DATA SUPPLIED
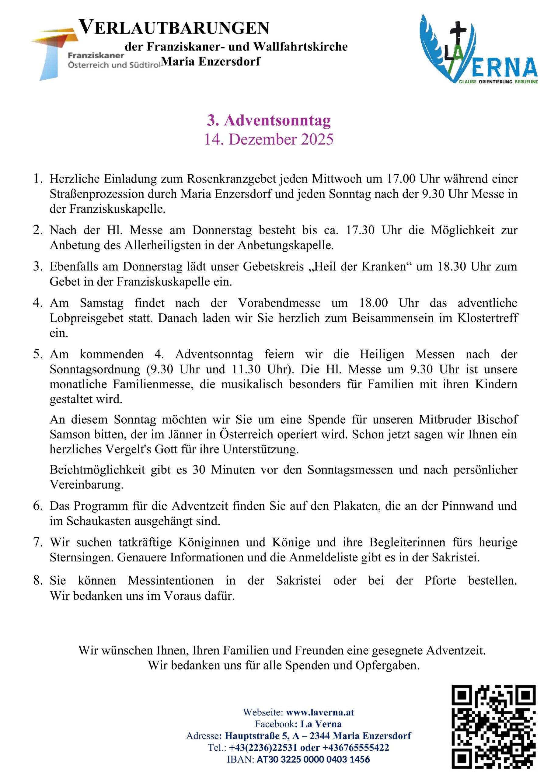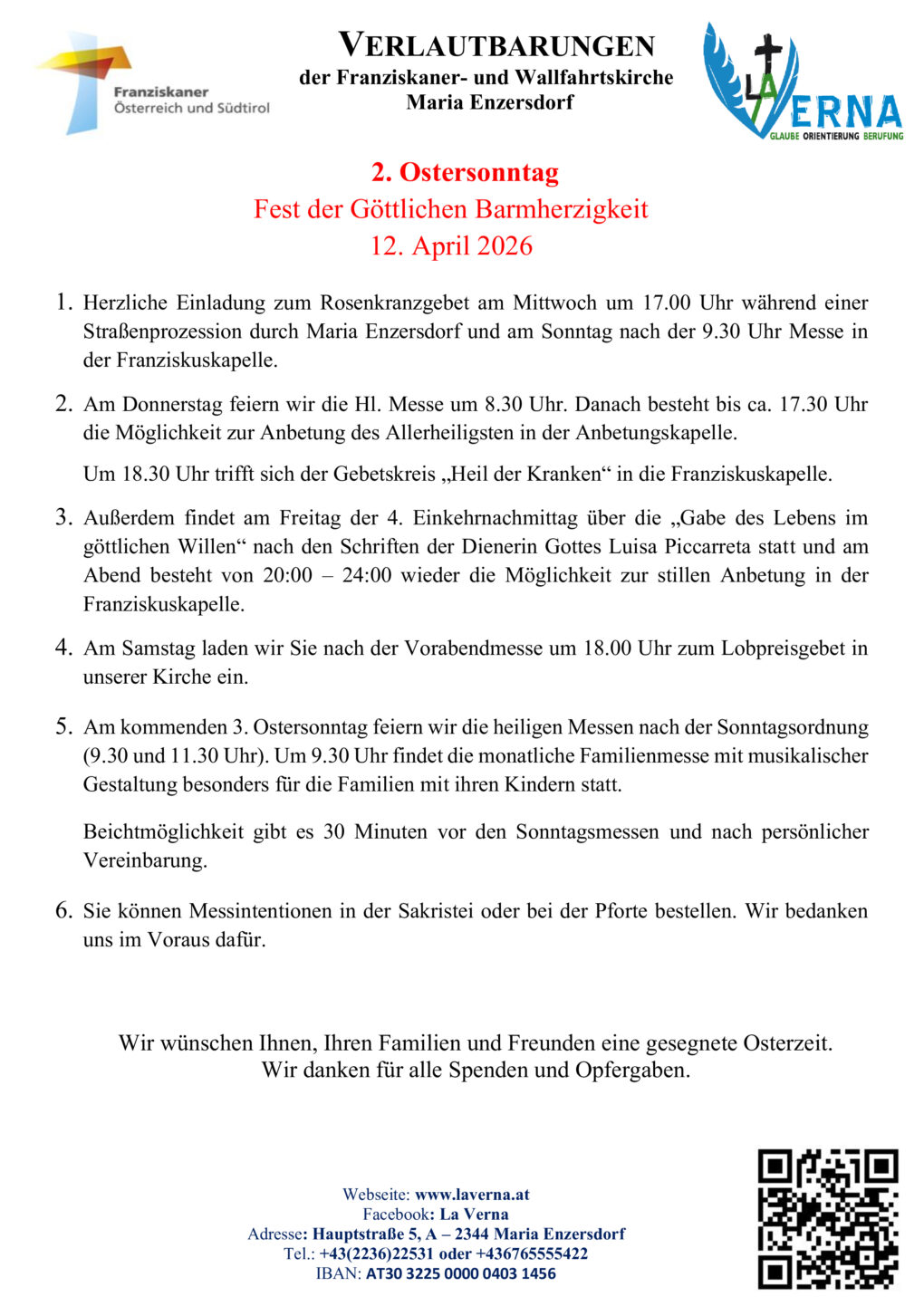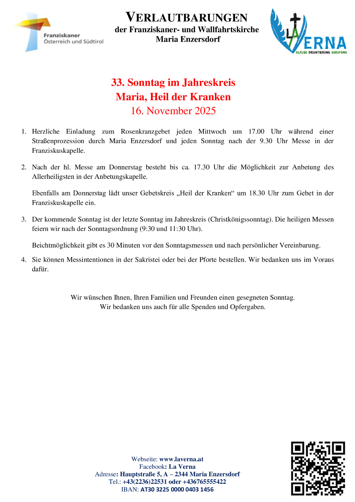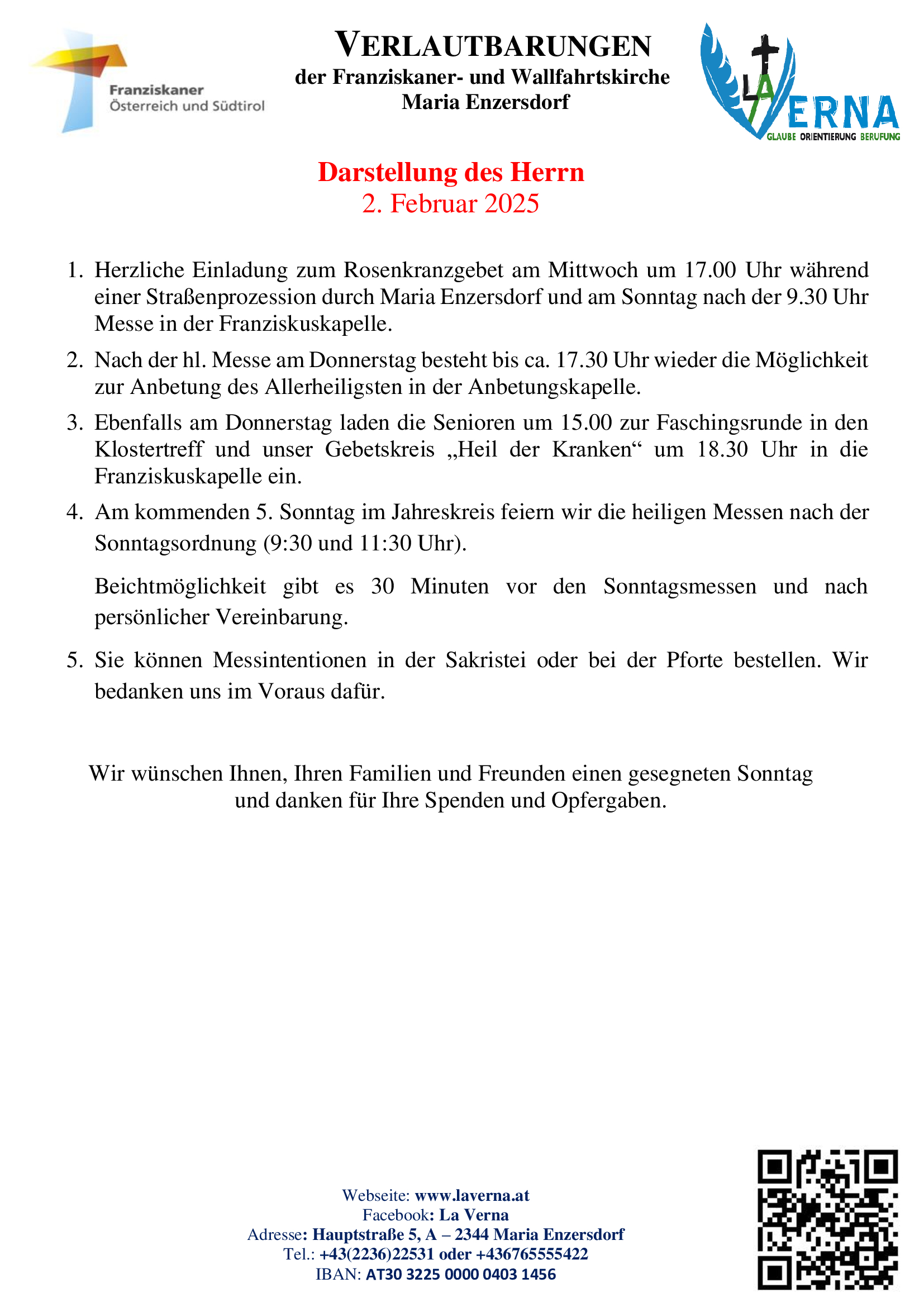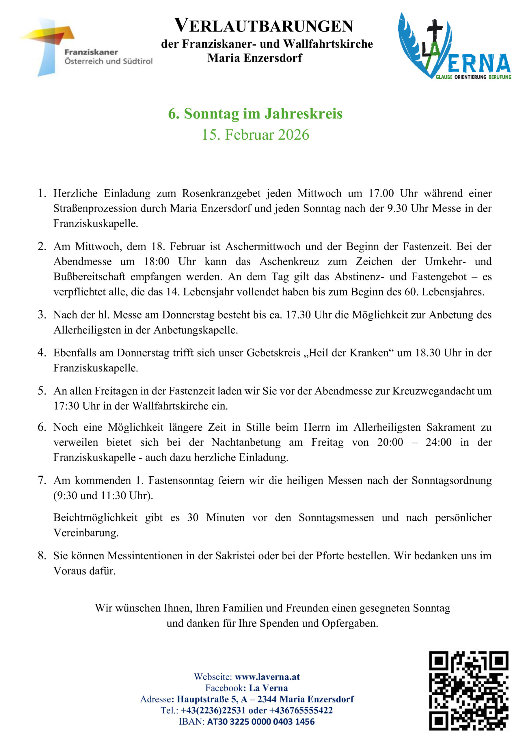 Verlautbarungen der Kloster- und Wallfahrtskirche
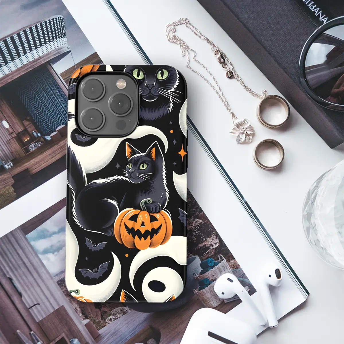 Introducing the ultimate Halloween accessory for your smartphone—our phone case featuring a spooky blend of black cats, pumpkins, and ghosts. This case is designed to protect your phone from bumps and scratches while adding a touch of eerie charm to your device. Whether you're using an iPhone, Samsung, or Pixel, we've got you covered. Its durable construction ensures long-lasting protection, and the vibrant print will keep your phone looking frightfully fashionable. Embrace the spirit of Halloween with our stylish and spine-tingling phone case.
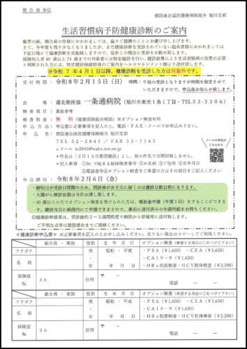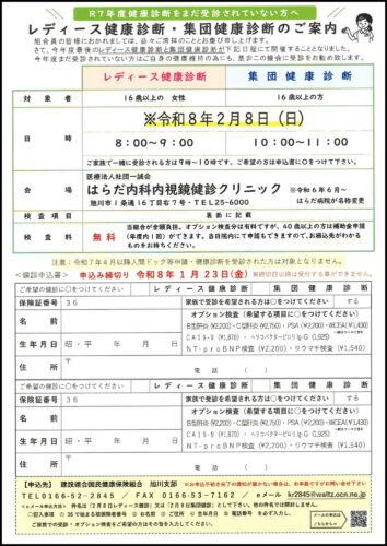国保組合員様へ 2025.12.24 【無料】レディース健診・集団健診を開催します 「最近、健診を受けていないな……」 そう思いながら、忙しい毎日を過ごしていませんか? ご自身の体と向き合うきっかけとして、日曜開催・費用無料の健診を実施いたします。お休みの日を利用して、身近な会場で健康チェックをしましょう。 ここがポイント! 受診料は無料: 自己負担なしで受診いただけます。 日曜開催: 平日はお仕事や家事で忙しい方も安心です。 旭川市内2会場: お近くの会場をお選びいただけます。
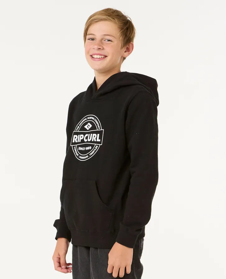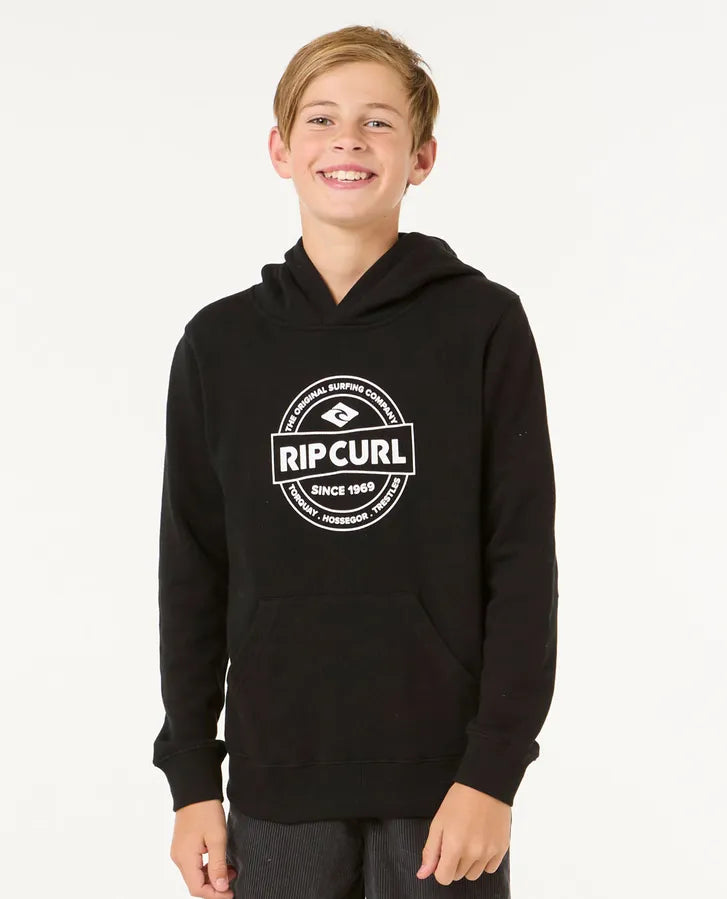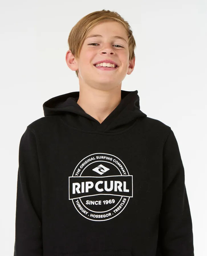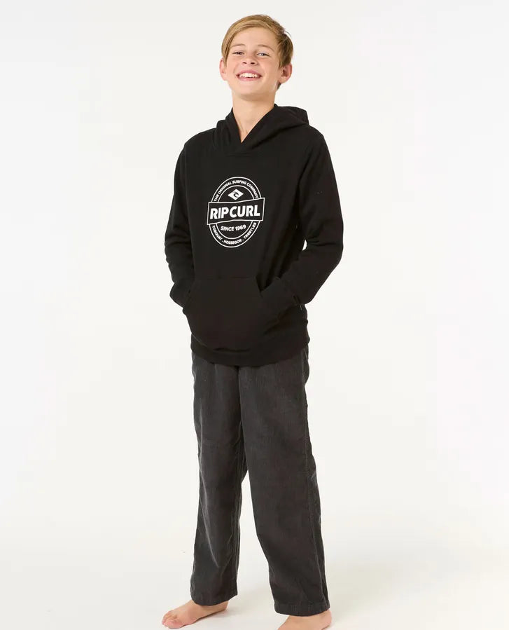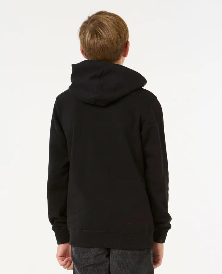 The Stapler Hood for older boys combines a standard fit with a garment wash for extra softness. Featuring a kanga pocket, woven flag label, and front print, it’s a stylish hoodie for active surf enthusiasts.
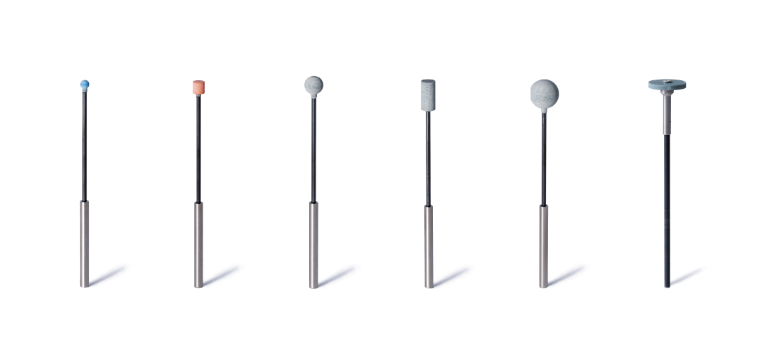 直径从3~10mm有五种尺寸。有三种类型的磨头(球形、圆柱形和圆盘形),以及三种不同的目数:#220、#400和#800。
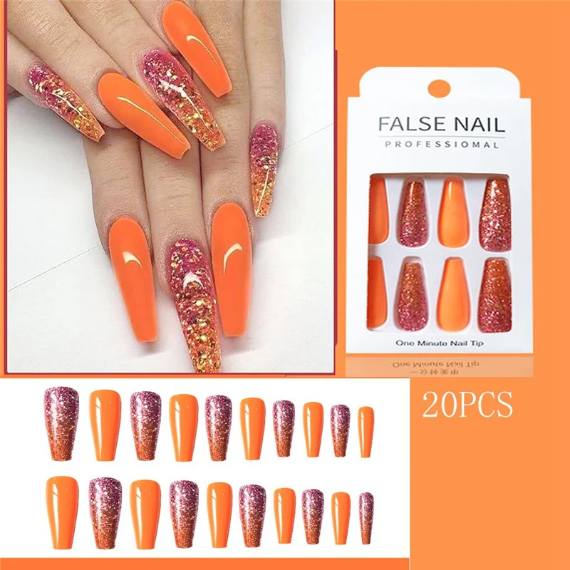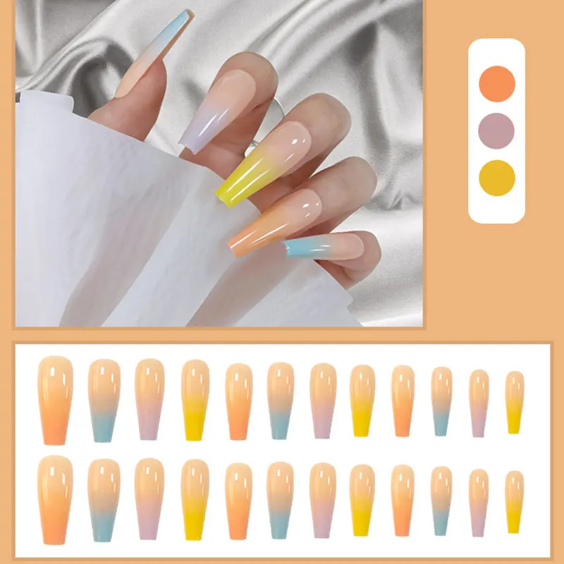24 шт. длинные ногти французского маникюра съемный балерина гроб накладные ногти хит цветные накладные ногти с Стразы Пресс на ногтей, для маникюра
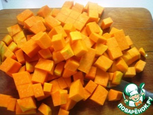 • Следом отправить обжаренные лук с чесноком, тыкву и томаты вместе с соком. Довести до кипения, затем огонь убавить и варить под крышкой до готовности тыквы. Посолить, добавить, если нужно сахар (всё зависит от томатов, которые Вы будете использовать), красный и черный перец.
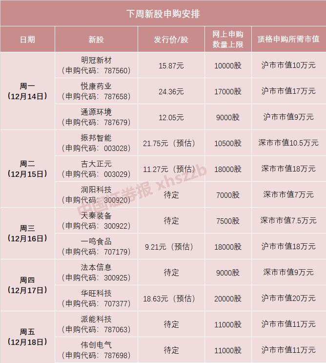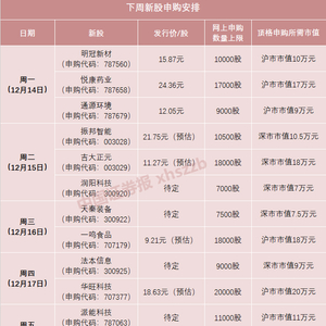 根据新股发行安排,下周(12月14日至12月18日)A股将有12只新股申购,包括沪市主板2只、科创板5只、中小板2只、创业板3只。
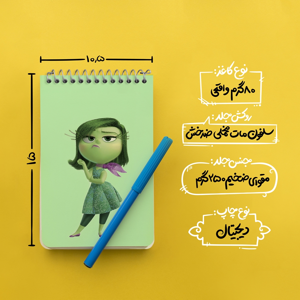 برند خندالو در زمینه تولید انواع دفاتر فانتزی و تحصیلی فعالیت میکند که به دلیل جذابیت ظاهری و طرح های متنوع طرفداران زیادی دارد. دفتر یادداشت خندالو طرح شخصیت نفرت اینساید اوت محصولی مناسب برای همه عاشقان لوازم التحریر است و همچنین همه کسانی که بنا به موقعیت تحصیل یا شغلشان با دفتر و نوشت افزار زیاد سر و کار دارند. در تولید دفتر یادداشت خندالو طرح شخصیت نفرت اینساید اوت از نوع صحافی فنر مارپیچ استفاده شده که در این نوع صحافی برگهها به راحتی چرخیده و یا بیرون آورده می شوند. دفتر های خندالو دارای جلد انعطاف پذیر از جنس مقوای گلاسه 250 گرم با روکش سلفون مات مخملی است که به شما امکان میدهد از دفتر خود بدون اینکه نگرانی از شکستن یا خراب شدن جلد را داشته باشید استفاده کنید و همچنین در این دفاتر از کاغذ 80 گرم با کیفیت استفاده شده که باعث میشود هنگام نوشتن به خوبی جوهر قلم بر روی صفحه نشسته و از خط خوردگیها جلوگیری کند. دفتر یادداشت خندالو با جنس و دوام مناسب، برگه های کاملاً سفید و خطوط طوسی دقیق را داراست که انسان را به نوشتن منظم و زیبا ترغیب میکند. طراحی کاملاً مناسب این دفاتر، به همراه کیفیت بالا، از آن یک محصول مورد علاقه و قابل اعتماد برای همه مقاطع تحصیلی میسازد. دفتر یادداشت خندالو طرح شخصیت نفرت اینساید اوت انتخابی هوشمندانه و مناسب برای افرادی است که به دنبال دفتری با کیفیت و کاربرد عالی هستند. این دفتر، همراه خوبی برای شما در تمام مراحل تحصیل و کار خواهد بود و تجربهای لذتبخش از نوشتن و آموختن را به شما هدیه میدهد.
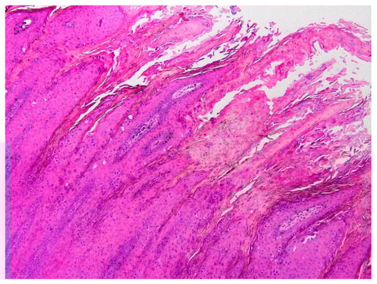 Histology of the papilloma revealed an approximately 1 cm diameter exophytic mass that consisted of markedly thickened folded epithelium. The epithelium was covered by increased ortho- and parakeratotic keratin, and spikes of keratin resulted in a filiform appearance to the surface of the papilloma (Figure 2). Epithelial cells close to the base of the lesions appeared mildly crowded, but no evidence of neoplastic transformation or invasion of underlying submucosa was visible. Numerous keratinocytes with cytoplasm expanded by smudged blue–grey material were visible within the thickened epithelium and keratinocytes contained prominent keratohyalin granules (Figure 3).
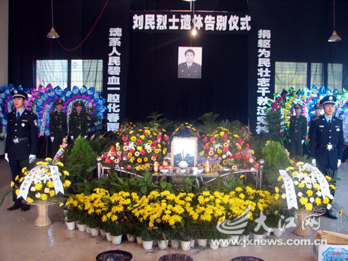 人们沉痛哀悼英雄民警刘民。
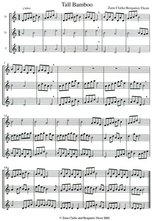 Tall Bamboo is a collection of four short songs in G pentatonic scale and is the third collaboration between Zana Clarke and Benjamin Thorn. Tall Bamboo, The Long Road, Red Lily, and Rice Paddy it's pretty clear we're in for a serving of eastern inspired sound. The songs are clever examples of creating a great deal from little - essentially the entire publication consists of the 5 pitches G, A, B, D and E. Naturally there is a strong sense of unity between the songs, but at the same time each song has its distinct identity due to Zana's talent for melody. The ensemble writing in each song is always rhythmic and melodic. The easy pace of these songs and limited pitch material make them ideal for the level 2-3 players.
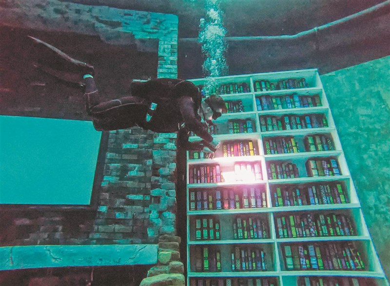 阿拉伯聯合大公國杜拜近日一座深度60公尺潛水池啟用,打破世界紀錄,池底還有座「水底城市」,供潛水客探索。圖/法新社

WORK INSTRUCTIONS
From the first line to the last, print the records exactly; leave out the pictures.

SOLUTION TO THIS PROBLEM
 Verlautbarungen der Kloster- und Wallfahrtskirche
 Introducing the ultimate Halloween accessory for your smartphone—our phone case featuring a spooky blend of black cats, pumpkins, and ghosts. This case is designed to protect your phone from bumps and scratches while adding a touch of eerie charm to your device. Whether you're using an iPhone, Samsung, or Pixel, we've got you covered. Its durable construction ensures long-lasting protection, and the vibrant print will keep your phone looking frightfully fashionable. Embrace the spirit of Halloween with our stylish and spine-tingling phone case.
国保組合員様へ 2025.12.24 【無料】レディース健診・集団健診を開催します 「最近、健診を受けていないな……」 そう思いながら、忙しい毎日を過ごしていませんか? ご自身の体と向き合うきっかけとして、日曜開催・費用無料の健診を実施いたします。お休みの日を利用して、身近な会場で健康チェックをしましょう。 ここがポイント! 受診料は無料: 自己負担なしで受診いただけます。 日曜開催: 平日はお仕事や家事で忙しい方も安心です。 旭川市内2会場: お近くの会場をお選びいただけます。
 The Stapler Hood for older boys combines a standard fit with a garment wash for extra softness. Featuring a kanga pocket, woven flag label, and front print, it’s a stylish hoodie for active surf enthusiasts.
 直径从3~10mm有五种尺寸。有三种类型的磨头(球形、圆柱形和圆盘形),以及三种不同的目数:#220、#400和#800。
24 шт. длинные ногти французского маникюра съемный балерина гроб накладные ногти хит цветные накладные ногти с Стразы Пресс на ногтей, для маникюра
 • Следом отправить обжаренные лук с чесноком, тыкву и томаты вместе с соком. Довести до кипения, затем огонь убавить и варить под крышкой до готовности тыквы. Посолить, добавить, если нужно сахар (всё зависит от томатов, которые Вы будете использовать), красный и черный перец.
 根据新股发行安排,下周(12月14日至12月18日)A股将有12只新股申购,包括沪市主板2只、科创板5只、中小板2只、创业板3只。
 برند خندالو در زمینه تولید انواع دفاتر فانتزی و تحصیلی فعالیت میکند که به دلیل جذابیت ظاهری و طرح های متنوع طرفداران زیادی دارد. دفتر یادداشت خندالو طرح شخصیت نفرت اینساید اوت محصولی مناسب برای همه عاشقان لوازم التحریر است و همچنین همه کسانی که بنا به موقعیت تحصیل یا شغلشان با دفتر و نوشت افزار زیاد سر و کار دارند. در تولید دفتر یادداشت خندالو طرح شخصیت نفرت اینساید اوت از نوع صحافی فنر مارپیچ استفاده شده که در این نوع صحافی برگهها به راحتی چرخیده و یا بیرون آورده می شوند. دفتر های خندالو دارای جلد انعطاف پذیر از جنس مقوای گلاسه 250 گرم با روکش سلفون مات مخملی است که به شما امکان میدهد از دفتر خود بدون اینکه نگرانی از شکستن یا خراب شدن جلد را داشته باشید استفاده کنید و همچنین در این دفاتر از کاغذ 80 گرم با کیفیت استفاده شده که باعث میشود هنگام نوشتن به خوبی جوهر قلم بر روی صفحه نشسته و از خط خوردگیها جلوگیری کند. دفتر یادداشت خندالو با جنس و دوام مناسب، برگه های کاملاً سفید و خطوط طوسی دقیق را داراست که انسان را به نوشتن منظم و زیبا ترغیب میکند. طراحی کاملاً مناسب این دفاتر، به همراه کیفیت بالا، از آن یک محصول مورد علاقه و قابل اعتماد برای همه مقاطع تحصیلی میسازد. دفتر یادداشت خندالو طرح شخصیت نفرت اینساید اوت انتخابی هوشمندانه و مناسب برای افرادی است که به دنبال دفتری با کیفیت و کاربرد عالی هستند. این دفتر، همراه خوبی برای شما در تمام مراحل تحصیل و کار خواهد بود و تجربهای لذتبخش از نوشتن و آموختن را به شما هدیه میدهد.
 Histology of the papilloma revealed an approximately 1 cm diameter exophytic mass that consisted of markedly thickened folded epithelium. The epithelium was covered by increased ortho- and parakeratotic keratin, and spikes of keratin resulted in a filiform appearance to the surface of the papilloma (Figure 2). Epithelial cells close to the base of the lesions appeared mildly crowded, but no evidence of neoplastic transformation or invasion of underlying submucosa was visible. Numerous keratinocytes with cytoplasm expanded by smudged blue–grey material were visible within the thickened epithelium and keratinocytes contained prominent keratohyalin granules (Figure 3).
 人们沉痛哀悼英雄民警刘民。
 Tall Bamboo is a collection of four short songs in G pentatonic scale and is the third collaboration between Zana Clarke and Benjamin Thorn. Tall Bamboo, The Long Road, Red Lily, and Rice Paddy it's pretty clear we're in for a serving of eastern inspired sound. The songs are clever examples of creating a great deal from little - essentially the entire publication consists of the 5 pitches G, A, B, D and E. Naturally there is a strong sense of unity between the songs, but at the same time each song has its distinct identity due to Zana's talent for melody. The ensemble writing in each song is always rhythmic and melodic. The easy pace of these songs and limited pitch material make them ideal for the level 2-3 players.
 阿拉伯聯合大公國杜拜近日一座深度60公尺潛水池啟用,打破世界紀錄,池底還有座「水底城市」,供潛水客探索。圖/法新社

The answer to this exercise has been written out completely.